これは村の有志の男性によって行われます。


行列の先頭は、魔物を祓う神々を描いた旗から始まります。
旗竿の先端は槍になっていて、これを持つ者が戦士であることを表します。




その後、供物を頭に乗せて運ぶ女性たちや、色とりどりの日傘を差し掛けられた、ススオナンと呼ばれる御神体が、女性の頭に乗せられて運び込まれます。


行列の終わり近くに、ルジャンと呼ばれる奉納舞踏を踊る、少女たちが続きます。
少女たちは到着すると、白い布によって仕切られた一角に隔離され出番を待ちます。


子供たちは到着すると、波打ち際まで出て水遊びを始めます。
海辺は魔物の徘徊するエリアと考えられていますが、海の水はそれに触れる者を浄化する力があると考えられています。




普段は旅行者が行き交う海岸も、この日はバリ人で埋め尽くされます。




祭礼の終わり近くに、神々に捧げる舞踏が奉納される。


僧侶の指示により、祈りを捧げる村人たち。
この後、僧侶によって聖水がまかれ、清めの儀式は終了する。
クタ海岸のムラスティは、最後の儀式が終わる頃に日没をむかえる。

ランブットスダナの祭礼・スバリ村にて

ウブドのツアーオフィス「Apa ?」のオーナーから、4月20日にスバリ村の知人宅で、ランブット・スダナの儀式が行われるので、見に行かないかと誘われて出掛けました。
スバリ村は、チャンプアンの尾根道のハイキングで、一番ウブドに近いところは見ていましたが、中心に当たる部分は見たことがないので連れて行っていただきました。
クデワタンの先から右に入ると、山の中の車道になって、かなりの急坂を下って行きます。
話を聞くと、新しくワルンを開店するので、家寺に祀ってあるケペン(中国の古銭)で作った人形を作り替える儀式とのことでした。
「ランブット・スダナ」とは一般的にはお金に感謝する日で、古銭を持っている家では、祭壇に古銭を祀って、供物を奉納する日のようです。
今回のものは、古銭で作った人型のようなものなので、ランブット・スダナの儀礼と言っていましたが、普通に行われるものとはだいぶ内容が異なるようです。
目的の家に到着すると、飲み水と軽い食事がふるまわれました。
儀礼に参加するので、腰に巻くサロンと、頭にウダン(祭礼の際にバリ人が頭に巻くもの)を巻いて参加しました。
今回は儀式の写真のみ掲載します。


人形は男女一対で、顔の部分は木で彫ってありますが、体の部分は中国の古銭で編み上げてあります。
プタンダ(左手の横向きの人物、高位のカーストの僧侶)と、王族のチョコルダの2人で慎重に解体して行きます。
80年位前から家にあるものとのことでした。




1枚ずつ編み上げられたものが、何層も積み重ねられていて、ナイフで継ぎ目をほどきながら分解されていきます。

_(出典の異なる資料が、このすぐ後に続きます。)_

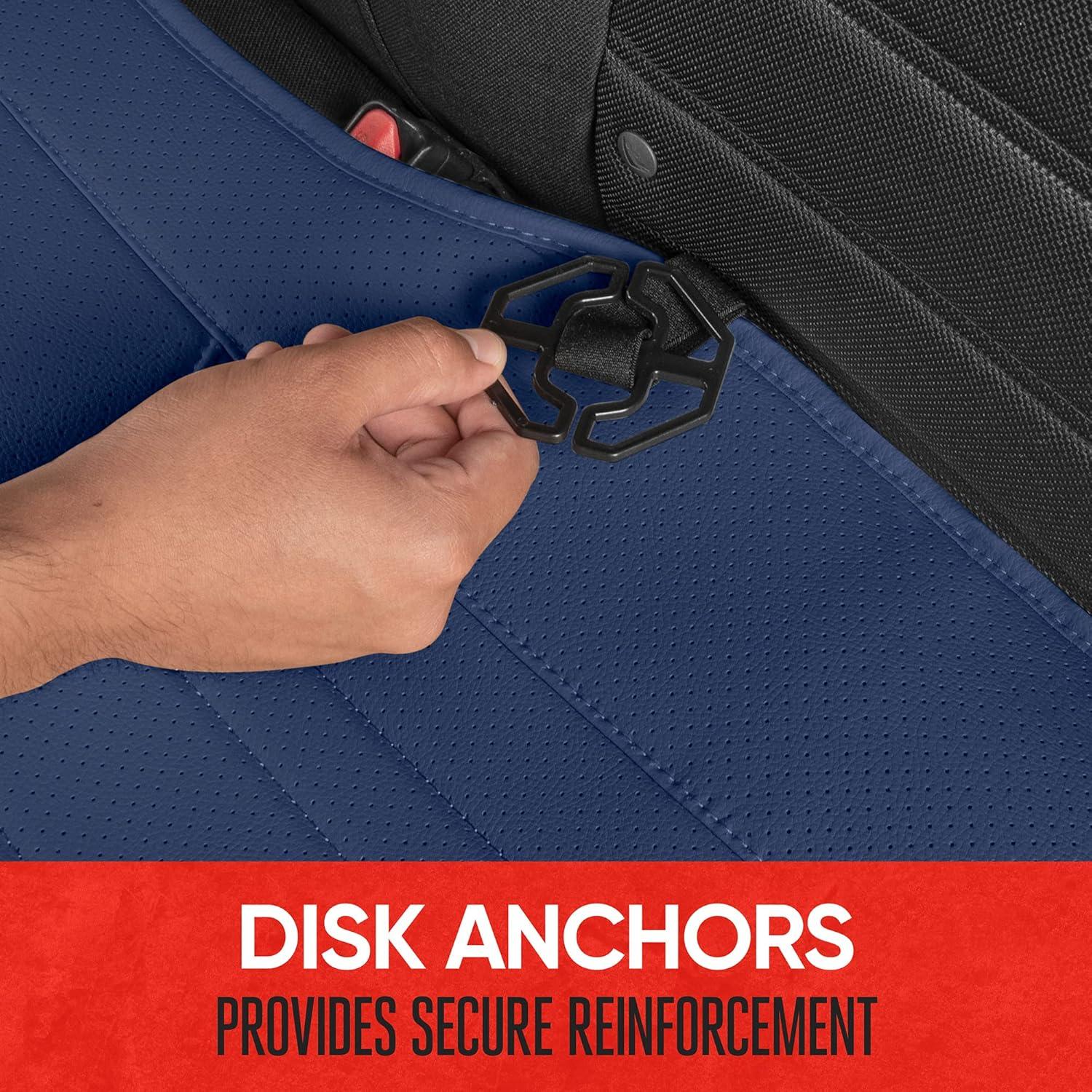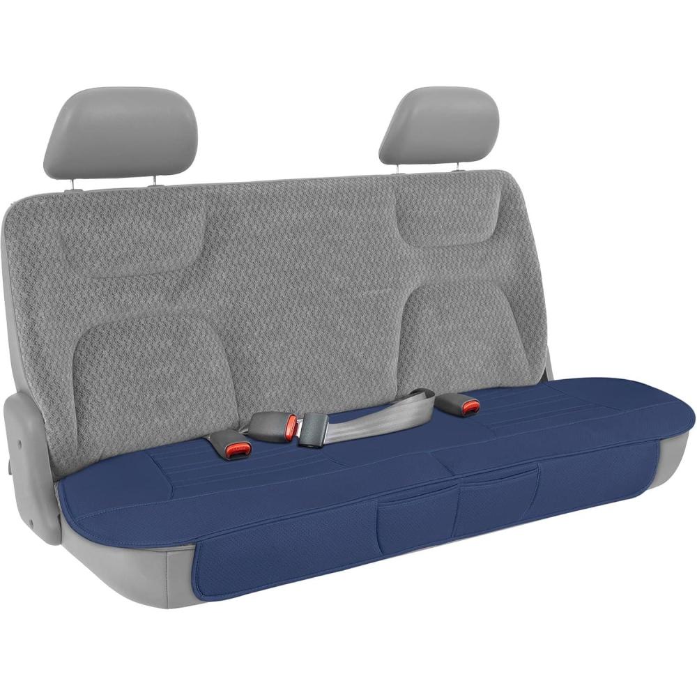 Motor Trend Faux Leather Padded Rear Bench Car Seat Cover With Storage Pockets(Blue)

プタンダが面の臭いをかいで、木地が腐っていないかどうか確認をしています。
腐っている場合は新たに作り直すとのことでした。


家に保存してあったもので、古い包みが取り出されました。




中から、さらに古そうなものが現れました。
100年以上は経っていそうなものです。
二組の人形の顔の部分で、薄い板に線刻して墨を入れたものです。


今回の儀礼に使うものだったようですが、この日は使用されませんでした。
作り直す前に3本のノミを木槌で打って、面が無事に彫刻できるように祈る儀式に使うものだったようです。
この日は、この儀式は行われず、家寺の塀の位置があまり良くないようだったので、プタンダから塀の位置を少し変更するようにと忠告があったようでした。